───── COLLECTED DATA ─────
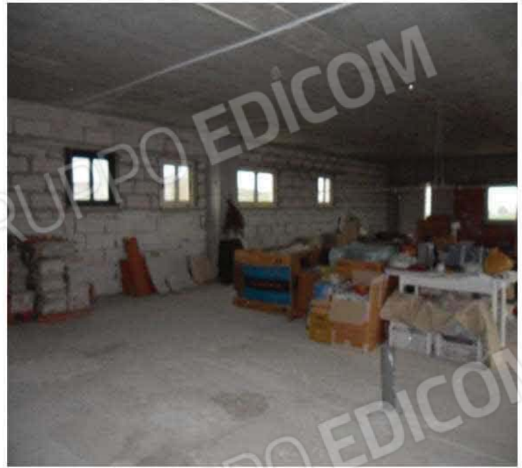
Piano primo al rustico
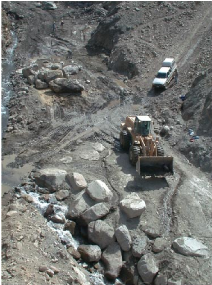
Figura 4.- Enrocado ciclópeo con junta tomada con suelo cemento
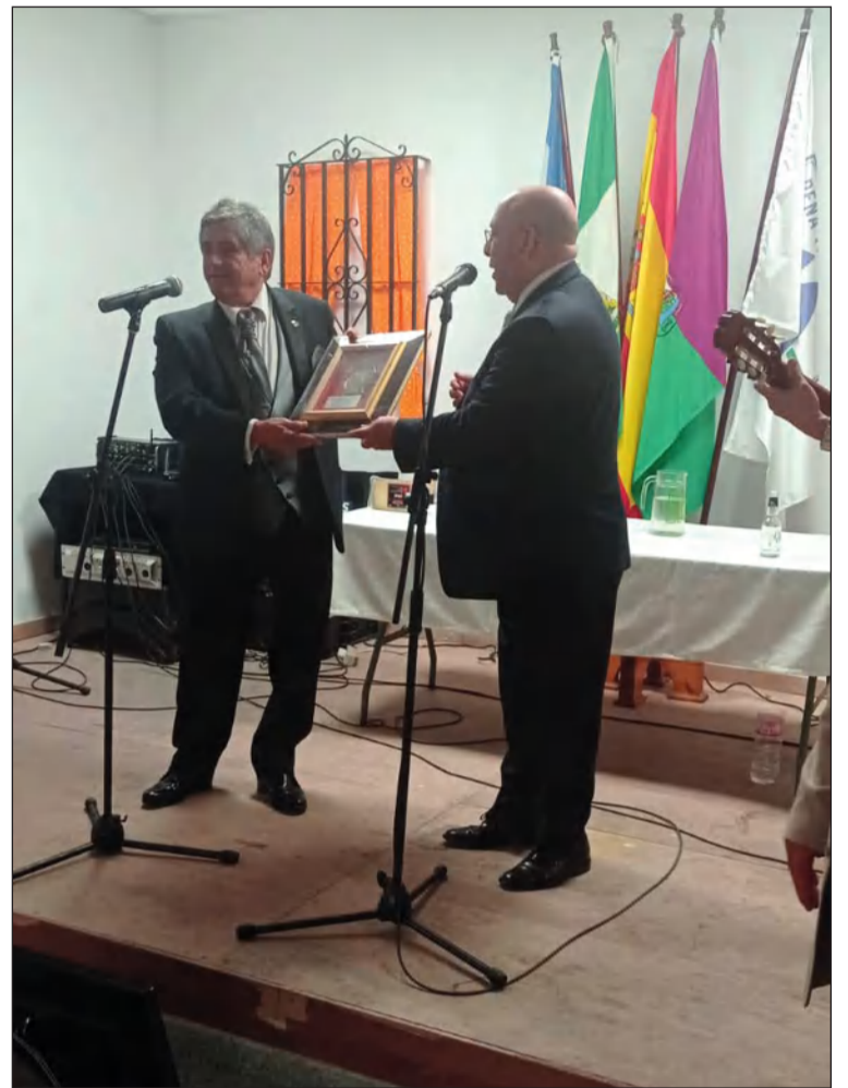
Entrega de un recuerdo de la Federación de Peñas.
─────
**WHAT IS REQUIRED**
Without the pictures, write out every line above exactly as it appears.

**TASK ANSWER**
Piano primo al rustico
Figura 4.- Enrocado ciclópeo con junta tomada con suelo cemento
Entrega de un recuerdo de la Federación de Peñas.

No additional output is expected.